Associated with the concept of "generalizability," cross-validation can confirm accuracy of a given test if, used in different contexts on different populations, it "generalizes" well, or replicates its results closely. But failure to scientifically cross-validate RAIs can be fatal because characteristics of offender populations can vary dramatically, and an RAI constructed on one population may not generalize, or cross over, to a different population. The instrument known as the VRAG, for example, which contains a weighted consideration of 14 designated risk factors, was developed in 1994 to assess violent recidivism in a population, or "cohort," of mentally disordered offenders released from a maximum security psychiatric hospital in northern Ontario in the 1970s. The generalizability of the VRAG to other populations, such as pedophiles in the western United States in the year 2001, has not been empirically established, and, in fact, the limited data available suggests that the VRAG has an unacceptable accuracy rate in terms of assessment of sex offense recidivism. The problem presented by population demographics, or cohort characteristics, is vast and potentially insurmountable: Does an RAI derived from a study comprised of a cohort that included convicted rapists generalize to those offenders diagnosed with pedophilia? Is an instrument that excluded from its construction sample noncoercive incest offenders useful in evaluating risk in offenders with a history of noncoercive incest? Elusive as the answers to these questions may be, many scientists and professionals assert that without appropriate, scientifically scrutinized cross-validation, absolute risk predictions based upon RAI scores are meaningless.

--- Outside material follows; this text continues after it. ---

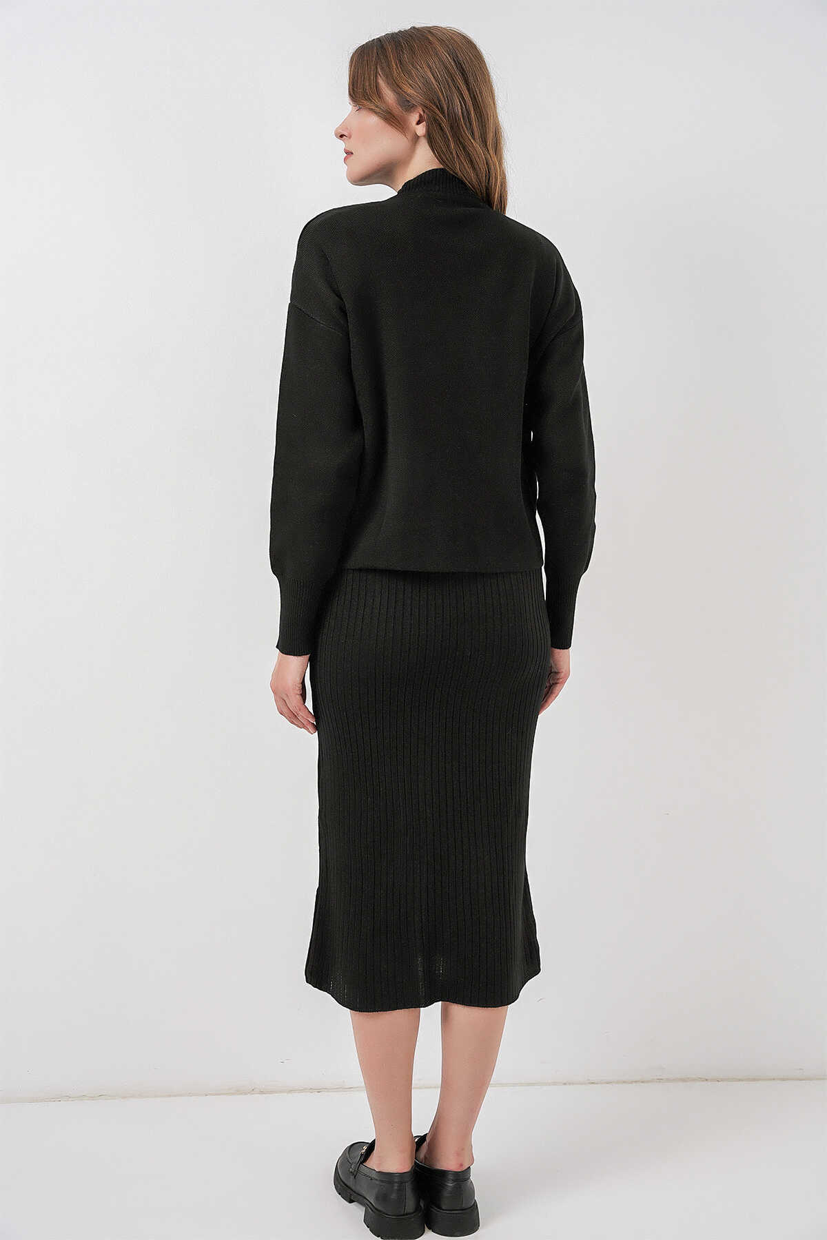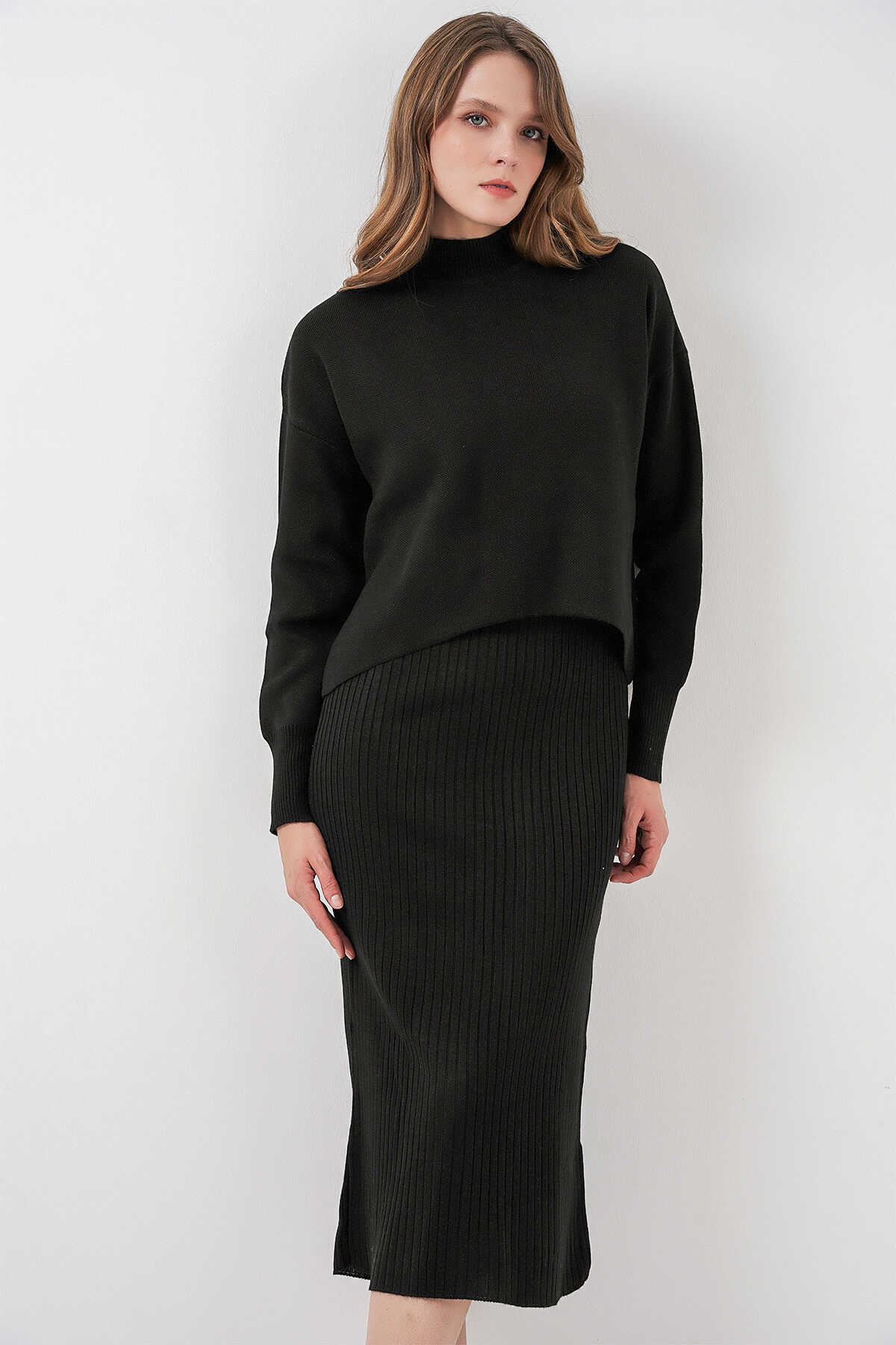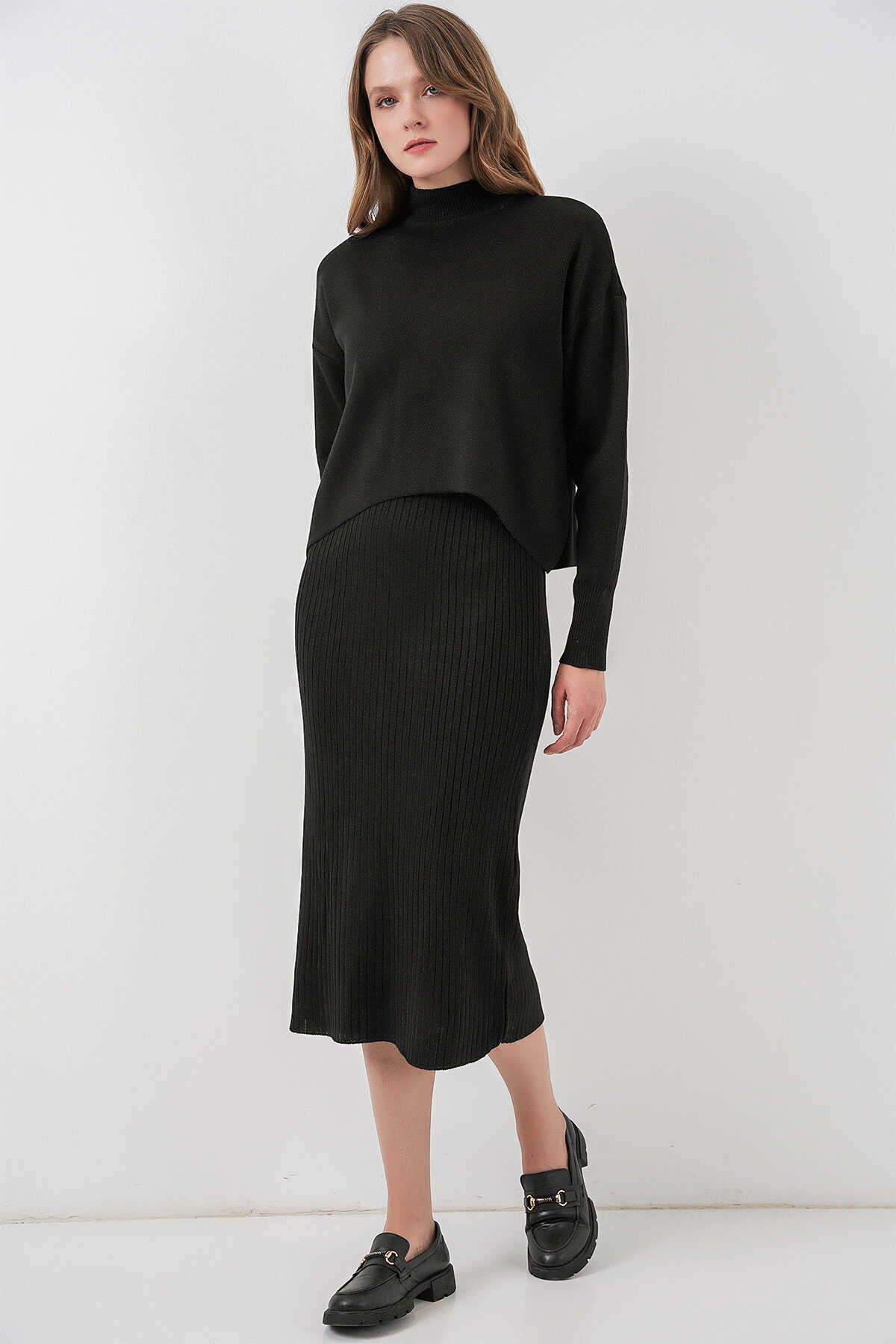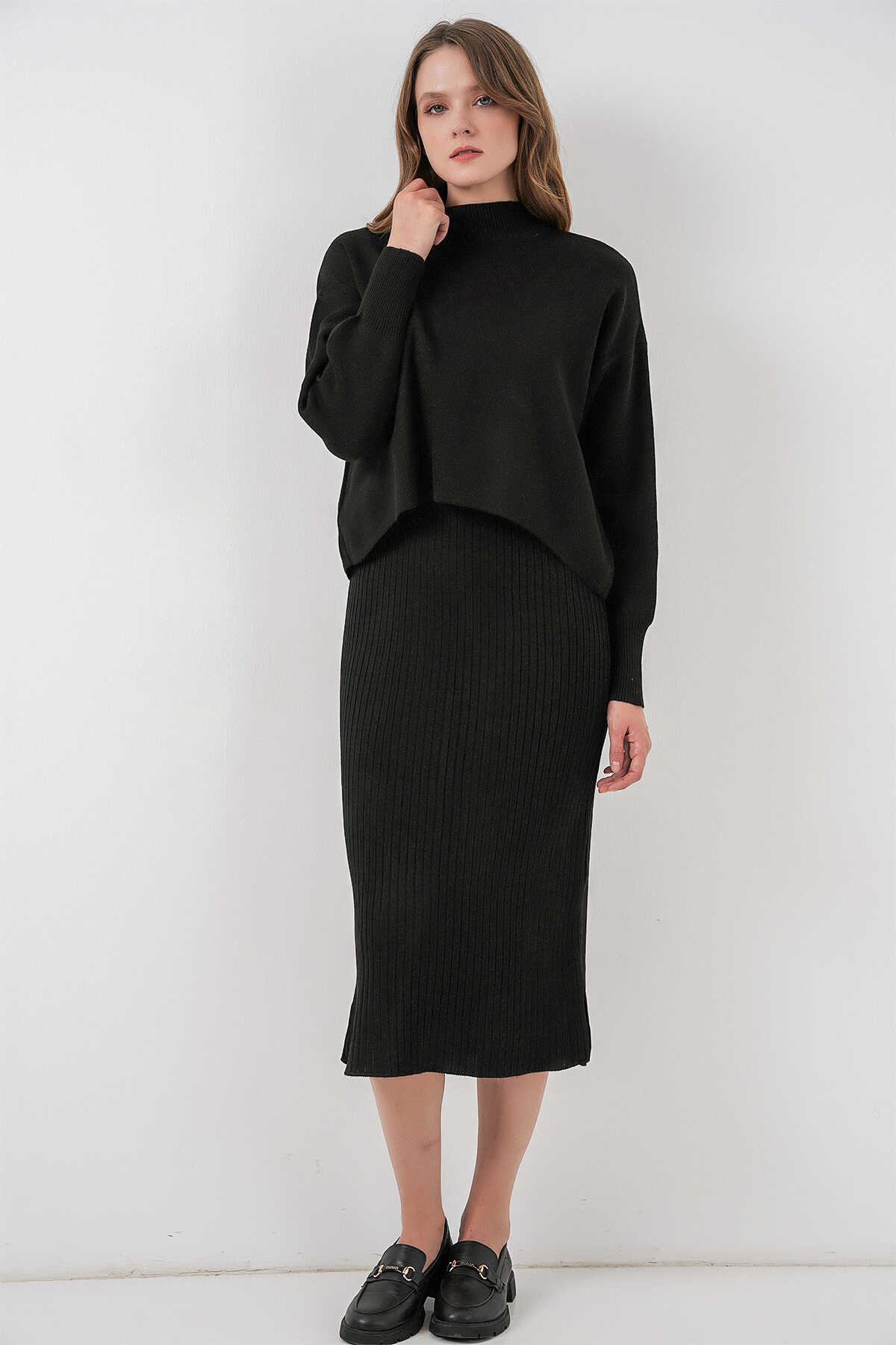 Kadın Kısa Kazaklı Triko Elbise 15958 - Siyah - Kombin

In a related argument, many scientists and mental health professionals seriously question whether statistics derived from populations can be said to have predictive value with respect to individual future behavior. SVP commitment proceedings do not ask whether this individual possesses risk factors significantly similar to a group of offenders who reoffended at a rate of, for instance, 60 percent over a 10-year period. The stated goal of most SVP Acts is to determine the likelihood that a particular offender will reoffend, an objective that is not reached with statistical profile evidence. To the extent that postdictive group-risk data are being translated into a prediction of an individual's risk of recidivism, many would argue that RAI quantifications are irrelevant and should not be admitted at all in SVP commitment proceedings.
- Inter-rater reliability. When the same testing procedure is applied to the same person by different clinicians (or raters), any significant disparity among the results gives rise to concerns over the accuracy of the test instrument itself. This concept, known as "inter-rater reliability" is an important part of the development of any testing procedure, including RAIs, yet little is published in peer review literature that establishes whether or not these instruments have been appropriately evaluated for reliability when used by different raters in the field.
Although the concept of assigning a weighted score to a risk factor, adding up the numbers, and achieving a quantification provided by mathematical calculation may sound fairly objective in nature, and, therefore, not easily the subject of inconsistencies among raters, nothing could be farther from the truth. Even the very definition of "offense" differs from instrument to instrument. Where one instrument intends by the use of the word "offense" to have the rater take into account offenses charged regardless of conviction, another instrument defines the word "offense" as only that which resulted in conviction. And is a conviction for an attempted sex offense sufficient? What if the conviction is for burglary, but the underlying intent was to commit a rape? If the conviction was later overturned on appeal due to error in the trial court, is it still a conviction? Are all raters in the field answering these questions consistently for each instrument? Are all raters aware that most instruments do not intend to include in their calculations self-reported offenses that never result in a charge or conviction?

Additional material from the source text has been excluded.